(Beginning of Working data)

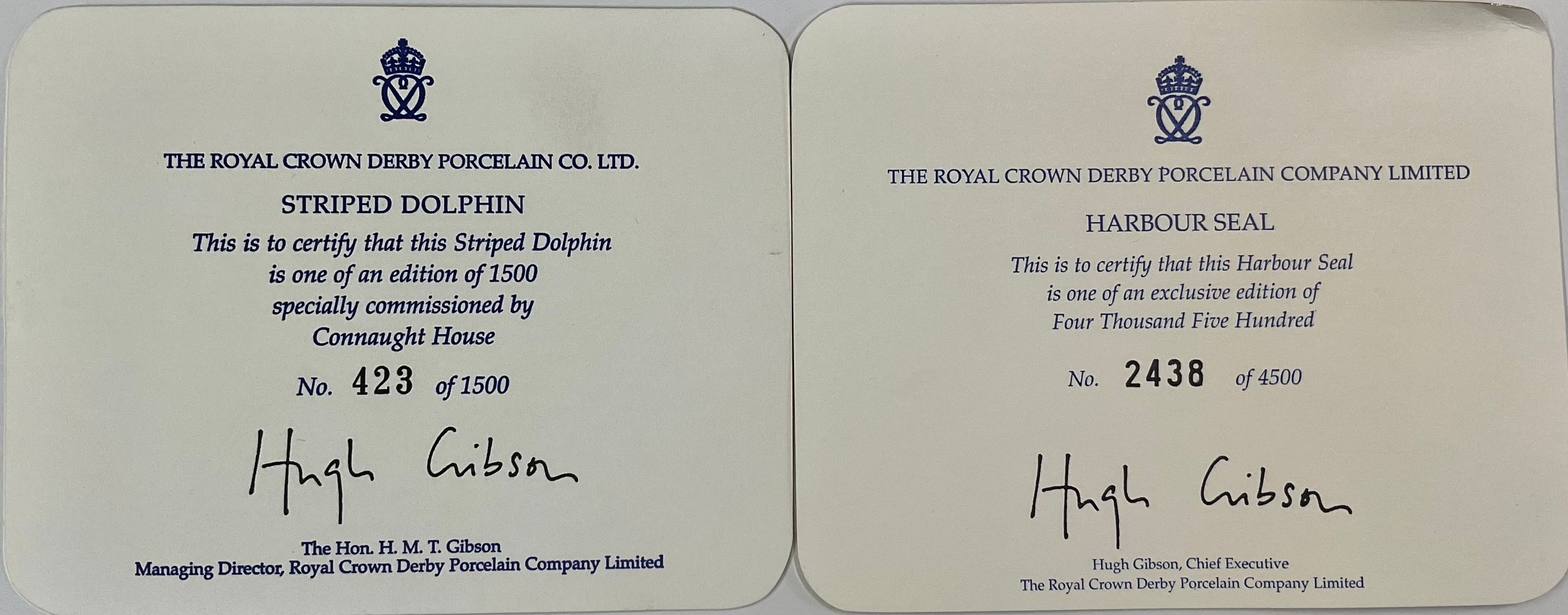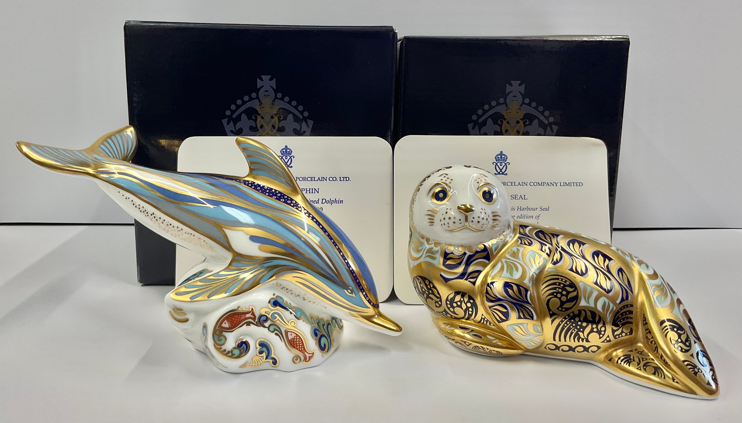 A Royal Crown Derby paperweight, Striped Dolphin, specially commissioned by Connaught House, limited edition 423/1,500, gold stopper, 15cm long, printed mark in red, certificate, boxed; another, Harbour Seal, exclusive limited edition 2,438/4,500, gold stopper, 13cm long, printed mark, certificate, boxed (2)
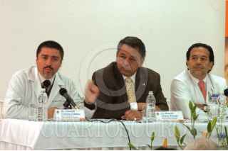 MÉXICO, D.F., 04FEBRERO2009.- El doctor, Eduardo Cervera, el licenciado Ricardo Alvares Tostao y el Doctor Alejandro Mohar durante la ceremonia del acto conmemorativo al día Internacional contra el cancer FOTO: EDUARDO MORALES/CUARTOSCURO.COM
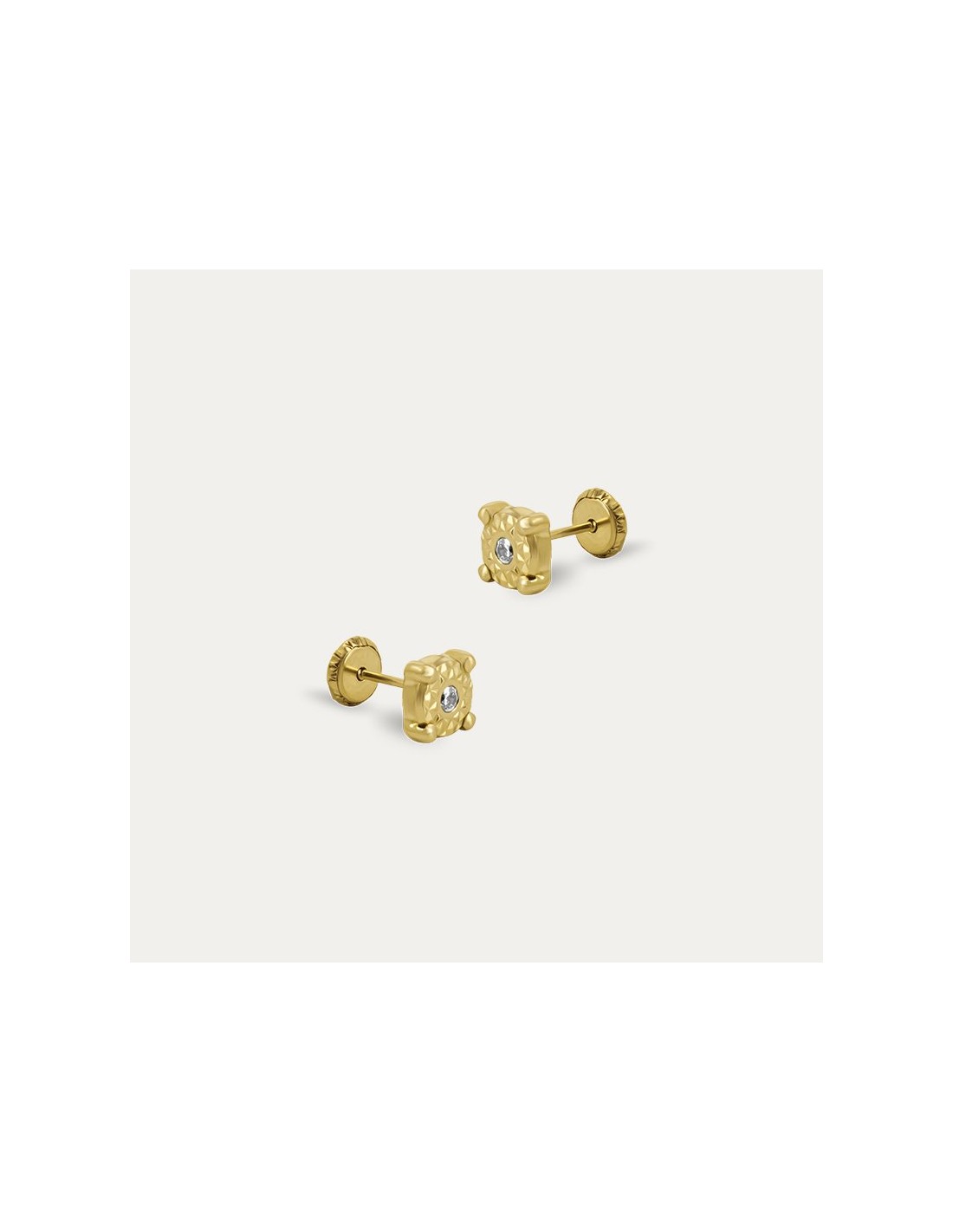 Pendientes de aro en Oro 9K. Pendientes perfectos para la primera comunión con una pequeña circonita central en la joya y cierre de rosca.
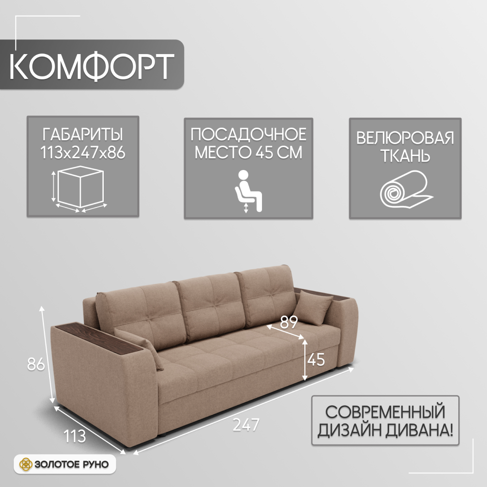 Отзывы о Столплит Прямой диван Сенатор-1 ППУ, велюр бежевый/коричневый
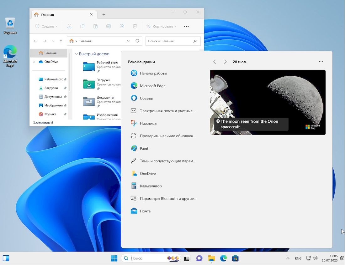 Данный образ Windows 11 на русском языке выпущен 19 июля 2023 года и основан на актуальных накопительных обновлениях. Сборка включает в себя девять различных редакций, что позволяет выбрать подходящий вариант для любого сценария использования — от домашнего ПК до корпоративной среды. Формат ISO весит 4.3 Гб и готов к записи на USB-носитель для установки. В системе отключены все проверки оборудования: не требуется UEFI, TPM 2.0, определённый объем оперативной памяти или жесткого диска, поэтому установка возможна даже на устаревшее железо. Процесс установки полностью автоматизирован, пропускает этап подключения к сети и создание учетной записи Microsoft — достаточно указать имя пользователя, и сразу открывается рабочий стол.
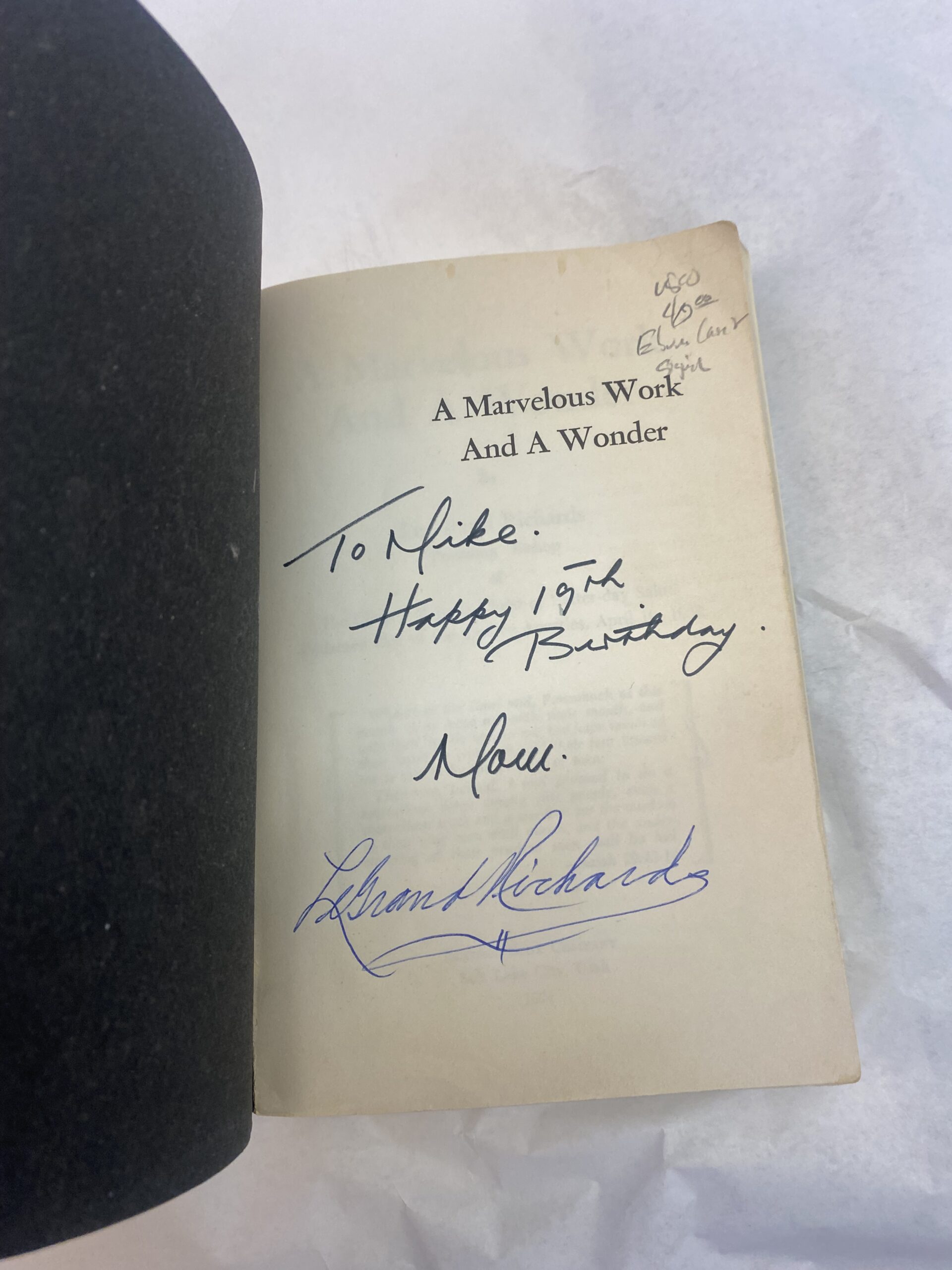 Signed copy of A Marvelous Work and a Wonder by LeGrand Richards. Paperback, 1971.
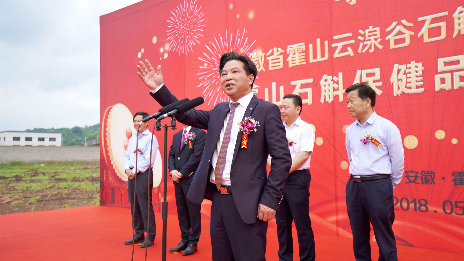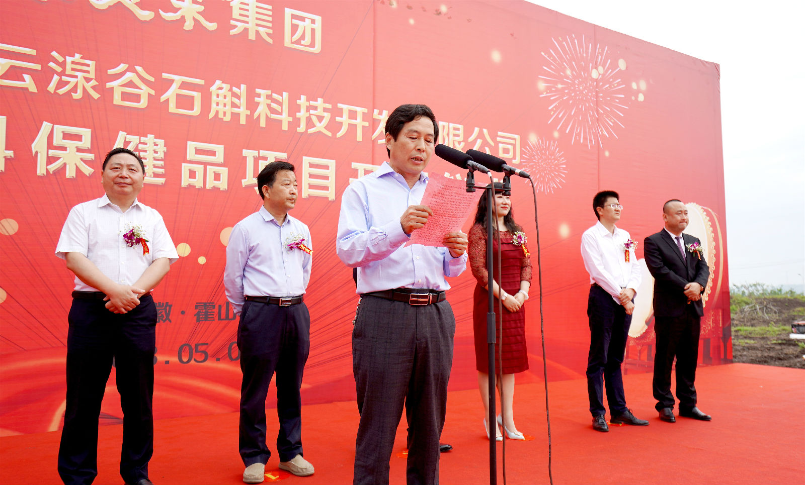 康美來集團董事長余春富在開工儀式上首先致辭,他說康美來集團在霍山投資石斛保健品項目是在六安市委、市政府領導和霍山縣委縣政府的大力支持和幫助下對接落地的,我們之所以在霍山投資項目是因為這里有獨一無二的霍山石斛資源,這里有優越的投資環境。
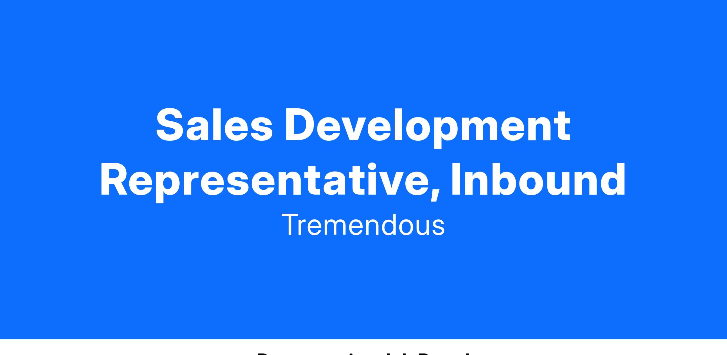 Your primary responsibility will be to nurture Inbound leads from various channels with the goal of generating qualified sales meetings for Account Executives. You will receive leads from a variety of inbound sources, and you will field questions from prospects about Tremendous.
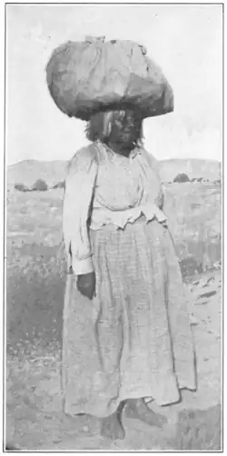 The work of clearing the fields, planting, and irrigating devolved upon the men. The women harvested the crops, carrying the products in their kiâhâs. The men thrashed the wheat—with horses after those animals were introduced. Prior to that time, and even now when the crop is small, the women beat out the grain with straight sticks. As it was thrashed, the women winnowed it in baskets and piled it on a cotton cloth, the corners of which were tied together, forming a sort of sack that was thrown upon a horse and taken by the men

(End of Working data)

• _Task details_
Reproduce exactly the lines from the one containing "Отзывы о Столплит" through the last line of the records, both included, leaving out every picture.

• _Expected answer_
 Отзывы о Столплит Прямой диван Сенатор-1 ППУ, велюр бежевый/коричневый
 Данный образ Windows 11 на русском языке выпущен 19 июля 2023 года и основан на актуальных накопительных обновлениях. Сборка включает в себя девять различных редакций, что позволяет выбрать подходящий вариант для любого сценария использования — от домашнего ПК до корпоративной среды. Формат ISO весит 4.3 Гб и готов к записи на USB-носитель для установки. В системе отключены все проверки оборудования: не требуется UEFI, TPM 2.0, определённый объем оперативной памяти или жесткого диска, поэтому установка возможна даже на устаревшее железо. Процесс установки полностью автоматизирован, пропускает этап подключения к сети и создание учетной записи Microsoft — достаточно указать имя пользователя, и сразу открывается рабочий стол.
 Signed copy of A Marvelous Work and a Wonder by LeGrand Richards. Paperback, 1971.
 康美來集團董事長余春富在開工儀式上首先致辭,他說康美來集團在霍山投資石斛保健品項目是在六安市委、市政府領導和霍山縣委縣政府的大力支持和幫助下對接落地的,我們之所以在霍山投資項目是因為這里有獨一無二的霍山石斛資源,這里有優越的投資環境。
 Your primary responsibility will be to nurture Inbound leads from various channels with the goal of generating qualified sales meetings for Account Executives. You will receive leads from a variety of inbound sources, and you will field questions from prospects about Tremendous.
 The work of clearing the fields, planting, and irrigating devolved upon the men. The women harvested the crops, carrying the products in their kiâhâs. The men thrashed the wheat—with horses after those animals were introduced. Prior to that time, and even now when the crop is small, the women beat out the grain with straight sticks. As it was thrashed, the women winnowed it in baskets and piled it on a cotton cloth, the corners of which were tied together, forming a sort of sack that was thrown upon a horse and taken by the men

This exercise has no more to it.